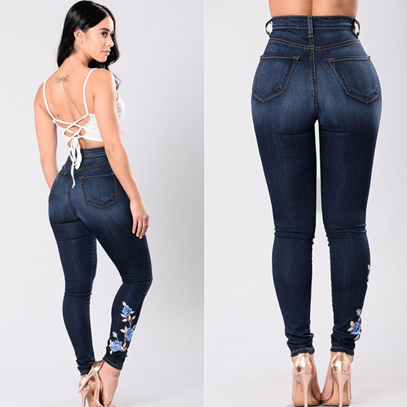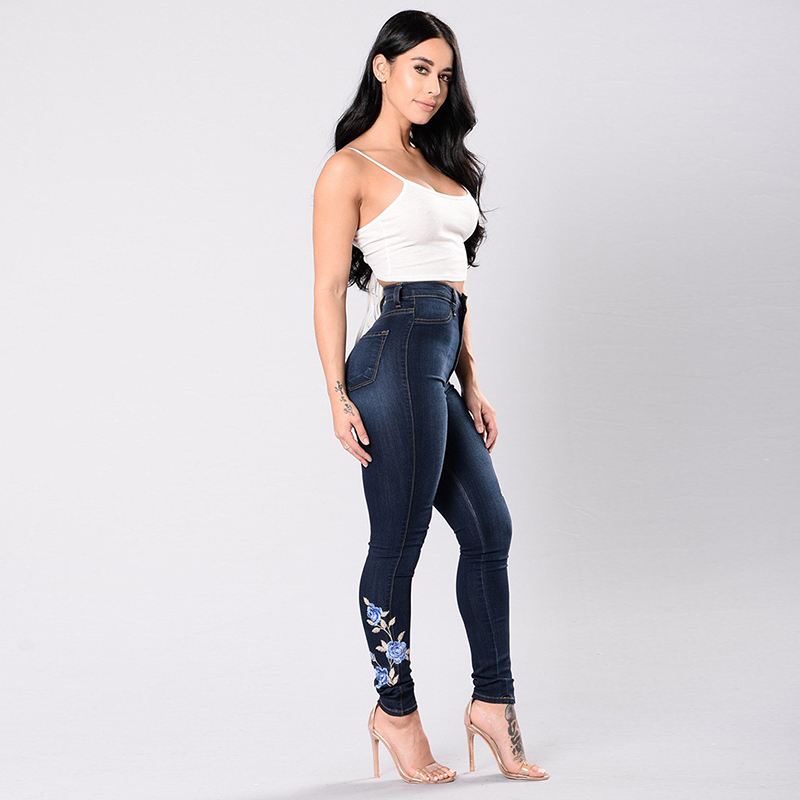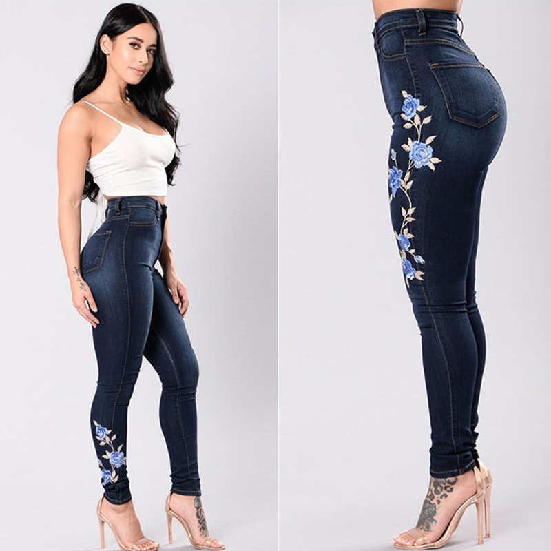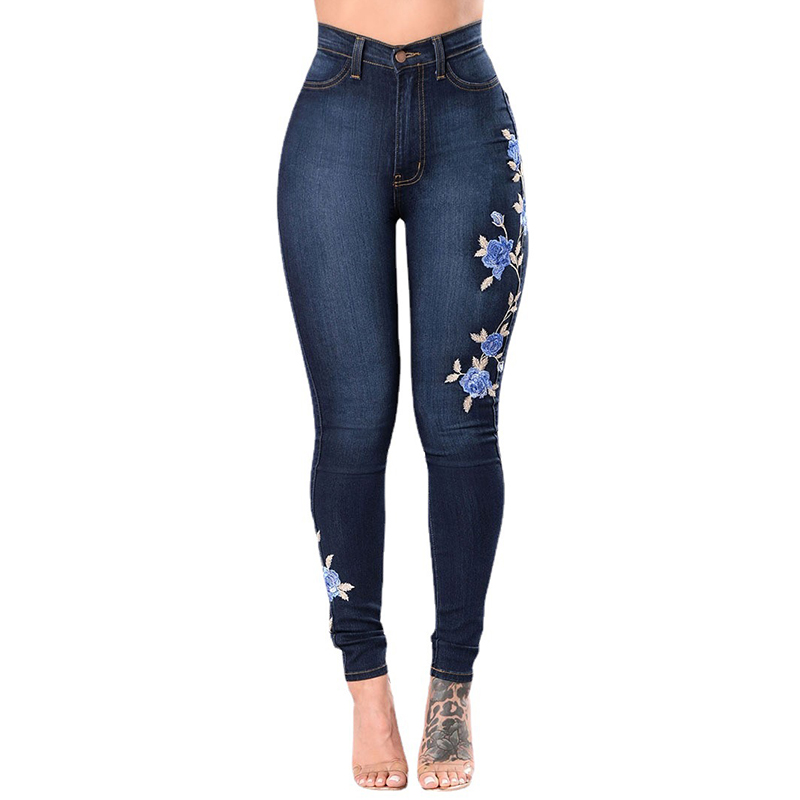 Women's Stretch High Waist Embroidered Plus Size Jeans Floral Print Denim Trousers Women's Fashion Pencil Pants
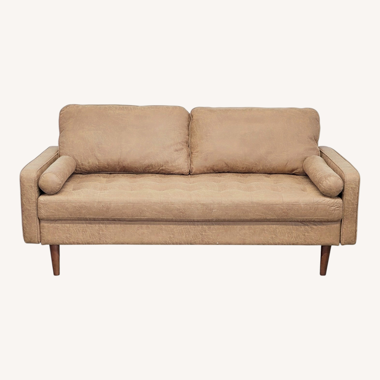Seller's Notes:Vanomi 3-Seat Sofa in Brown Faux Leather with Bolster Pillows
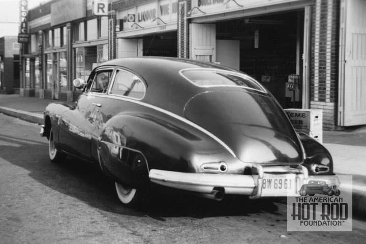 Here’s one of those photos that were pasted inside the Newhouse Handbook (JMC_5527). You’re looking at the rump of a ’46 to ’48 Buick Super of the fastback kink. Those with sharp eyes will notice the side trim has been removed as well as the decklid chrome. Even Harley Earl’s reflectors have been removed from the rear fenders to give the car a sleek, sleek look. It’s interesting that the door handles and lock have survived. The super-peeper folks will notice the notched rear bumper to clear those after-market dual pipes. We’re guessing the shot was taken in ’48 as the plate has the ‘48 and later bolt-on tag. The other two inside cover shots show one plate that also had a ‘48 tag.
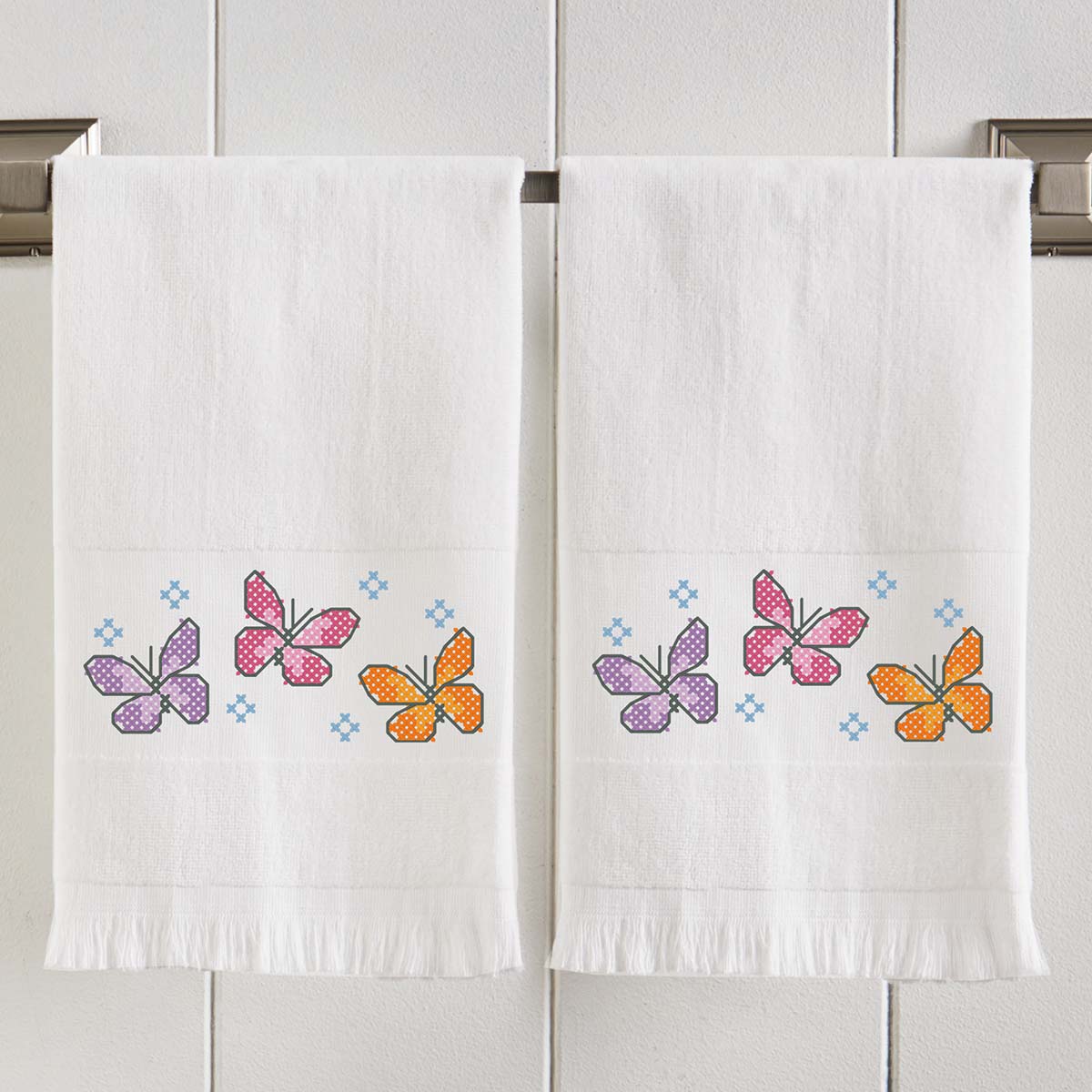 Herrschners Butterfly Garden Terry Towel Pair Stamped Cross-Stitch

+-------+

Give again, word for word, the lines above from the first one through the one containing "Seller's Notes:Vanomi 3-Seat"; no pictures.

• **OUTPUT OF THE EXERCISE**
 Women's Stretch High Waist Embroidered Plus Size Jeans Floral Print Denim Trousers Women's Fashion Pencil Pants
Seller's Notes:Vanomi 3-Seat Sofa in Brown Faux Leather with Bolster Pillows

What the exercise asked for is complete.